Finding the intersection of many edges from node A within node B

What I want to do

Find the intersection within an array A and an array B of edges.

Let’s suppose that we have 2 movie genres: Thriller and Comedy. These genres are unique and are themselves nodes, so the movie will have edges to these nodes depending on the number of genres that it has.

I want to find only the movies that contain these genres exclusively as follows:

movies(func: eq(dgraph.type, "Movies")) @cascade{
  id
  genre @filter( eq(name, "Thriller") AND eq(name, "Comedy") )
}

This returns an empty result as consequence, which is different from the OR operator. But this makes sense because a name is a unique predicate and it does not behave as a list. You can have a name or the other one, but you can’t have both.

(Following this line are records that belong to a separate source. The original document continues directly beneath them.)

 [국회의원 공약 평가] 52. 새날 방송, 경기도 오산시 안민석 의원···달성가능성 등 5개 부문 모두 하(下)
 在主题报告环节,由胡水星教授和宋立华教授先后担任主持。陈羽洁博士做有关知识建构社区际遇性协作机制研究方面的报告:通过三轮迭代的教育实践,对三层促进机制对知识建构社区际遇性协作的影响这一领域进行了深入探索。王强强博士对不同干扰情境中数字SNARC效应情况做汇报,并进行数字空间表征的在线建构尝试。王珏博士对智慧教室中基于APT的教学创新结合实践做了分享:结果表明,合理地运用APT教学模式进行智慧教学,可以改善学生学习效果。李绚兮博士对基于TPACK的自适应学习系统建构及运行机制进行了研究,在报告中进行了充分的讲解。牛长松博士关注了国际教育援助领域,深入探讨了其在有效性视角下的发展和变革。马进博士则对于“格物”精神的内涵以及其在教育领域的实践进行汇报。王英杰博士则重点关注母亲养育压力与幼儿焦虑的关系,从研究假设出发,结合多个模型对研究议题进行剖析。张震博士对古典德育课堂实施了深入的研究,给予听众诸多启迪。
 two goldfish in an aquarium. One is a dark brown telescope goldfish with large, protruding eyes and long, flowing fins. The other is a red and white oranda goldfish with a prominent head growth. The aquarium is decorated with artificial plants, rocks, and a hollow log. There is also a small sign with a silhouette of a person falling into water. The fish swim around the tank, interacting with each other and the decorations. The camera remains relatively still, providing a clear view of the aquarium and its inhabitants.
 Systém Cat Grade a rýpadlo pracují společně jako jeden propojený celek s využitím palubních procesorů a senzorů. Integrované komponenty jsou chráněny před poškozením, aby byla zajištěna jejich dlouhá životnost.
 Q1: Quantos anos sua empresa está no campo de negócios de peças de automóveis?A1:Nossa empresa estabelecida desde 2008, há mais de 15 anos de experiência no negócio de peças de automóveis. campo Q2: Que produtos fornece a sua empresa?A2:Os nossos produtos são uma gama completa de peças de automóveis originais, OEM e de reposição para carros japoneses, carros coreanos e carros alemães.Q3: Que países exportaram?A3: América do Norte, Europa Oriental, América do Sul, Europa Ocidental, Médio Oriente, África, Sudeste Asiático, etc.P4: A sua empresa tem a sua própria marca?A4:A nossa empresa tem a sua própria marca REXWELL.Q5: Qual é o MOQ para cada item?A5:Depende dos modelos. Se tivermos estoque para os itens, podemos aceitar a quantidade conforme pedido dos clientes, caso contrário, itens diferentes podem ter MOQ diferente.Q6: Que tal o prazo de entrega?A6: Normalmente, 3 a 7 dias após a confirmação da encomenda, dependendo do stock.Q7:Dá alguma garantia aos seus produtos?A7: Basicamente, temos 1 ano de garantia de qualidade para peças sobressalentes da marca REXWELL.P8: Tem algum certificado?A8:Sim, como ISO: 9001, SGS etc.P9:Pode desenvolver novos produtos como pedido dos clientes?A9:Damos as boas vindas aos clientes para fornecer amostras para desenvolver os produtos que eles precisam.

So my question is, how can I find the intersection of these 2 edges results having this previous statement as a fact without consuming too many resources?. Below you’ll see my solution and will notice that it might become a very expensive operation if the transaction is made with too many elements at the same time.

What I did

{ 
  movies1 as var(func: eq(dgraph.type, "Movies")) @cascade {
     genre @filter(eq(name, "Thriller"))
  }
    
  movies2 as var(func: uid(movies1)) @cascade{
    genre @filter(eq(name, "Comedy"))
  }

  movies3 as var(func: uid(movies2)) @cascade{
    genre @filter(eq(name, "Drama"))
  }

  result(func: uid(movies3)) {
    id
  }
}

I hope that my explanation is clear, above is a solution to the problem, but I would love to get help to make this more efficient.

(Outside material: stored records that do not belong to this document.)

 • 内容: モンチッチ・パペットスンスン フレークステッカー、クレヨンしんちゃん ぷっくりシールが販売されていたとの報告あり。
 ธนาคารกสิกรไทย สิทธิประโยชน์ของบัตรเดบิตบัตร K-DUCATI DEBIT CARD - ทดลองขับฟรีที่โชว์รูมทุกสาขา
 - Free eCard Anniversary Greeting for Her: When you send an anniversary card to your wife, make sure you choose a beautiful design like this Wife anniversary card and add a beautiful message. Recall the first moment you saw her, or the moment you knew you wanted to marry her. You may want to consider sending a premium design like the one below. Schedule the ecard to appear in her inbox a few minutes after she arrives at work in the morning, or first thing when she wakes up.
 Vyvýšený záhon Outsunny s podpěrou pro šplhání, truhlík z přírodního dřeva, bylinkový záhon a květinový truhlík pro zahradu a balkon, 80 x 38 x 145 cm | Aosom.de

I appreciate a lot your contribution in advance.

Have a nice evening.

Dgraph metadata

dgraph version

v20.11.1

This query works with the schema and data on play.dgraph.io, there are 470 movies in that dataset that match this query

{
  var(func:eq(name@en,"Thriller")) {
    movies1 as ~genre
  }
  var(func:eq(name@en,"Comedy")) {
    movies2 as ~genre @filter(uid(movies1))
  }
  var(func:eq(name@en,"Drama")) {
    movies3 as ~genre @filter(uid(movies2))
  }
  result(func:uid(movies3)) @filter(type(Film)) {
    uid
    name@en
  }
}

Improvements made to query

  • Does not use cascade to post process results
  • Uses reverse edges to start with the smaller known root variable blocks
  • Builds each block upon the first
  • Final results puts uid filter in the root function and type filter as extra filter.

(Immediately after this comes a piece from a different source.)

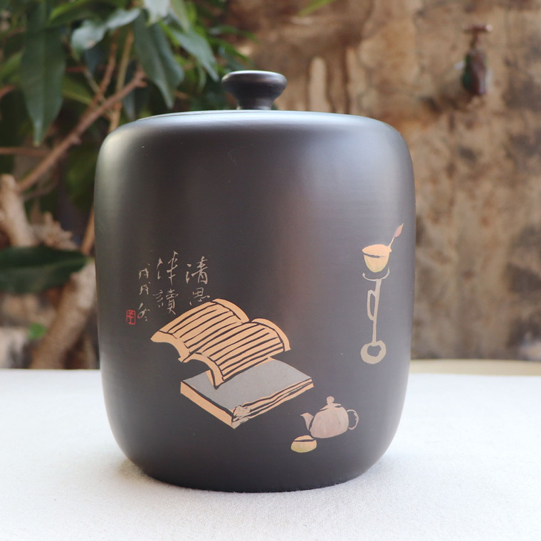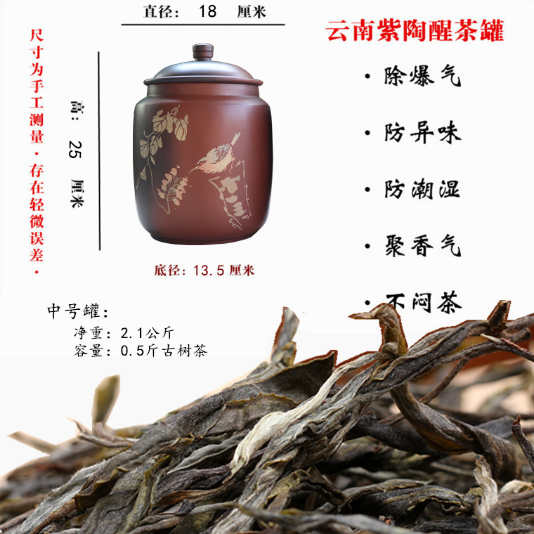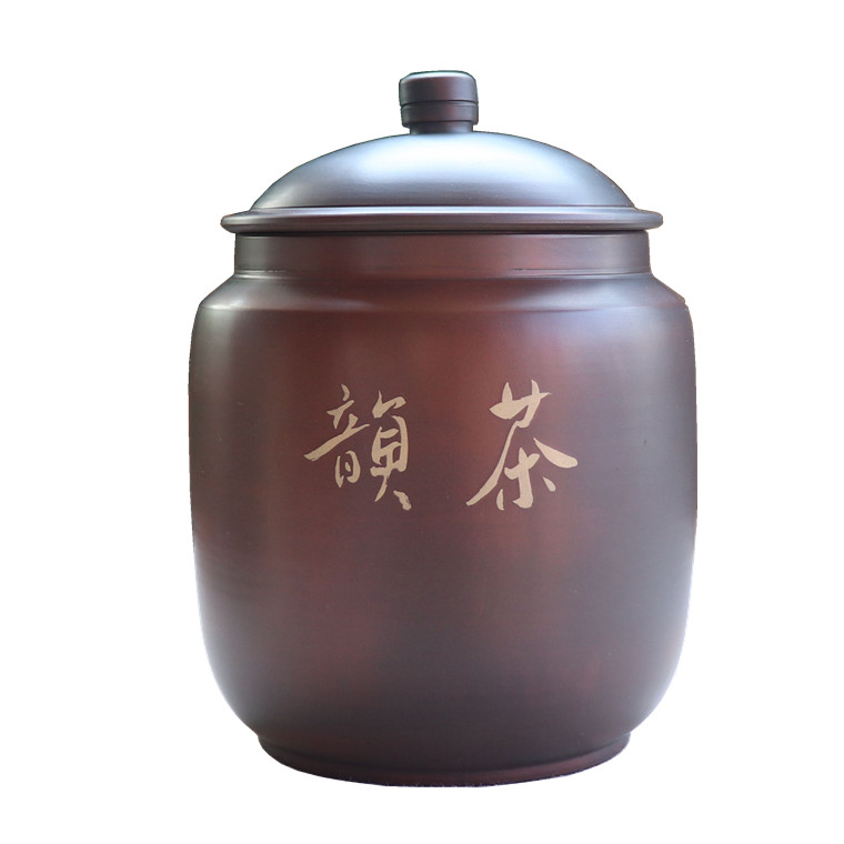 Jianshui purple pottery home with Pu'er raw and cooked ancient tree tea storage wake sealed ceramic jar stainless handmade black pottery tea pot

Hi @verneleem, thanks a lot for your reply. This seems very helpful since it achieves to improve resources. However, do you think this is the only way to find the intersection of many elements?

Imagine I have 100k elements and I want to find the intersection within all of them, for instance, if I am using Node, I would have to build a string that contains this whole transaction, at least maybe by my side I will be able to process a huge iteration, but, is it an enough efficient implementation in dgraph?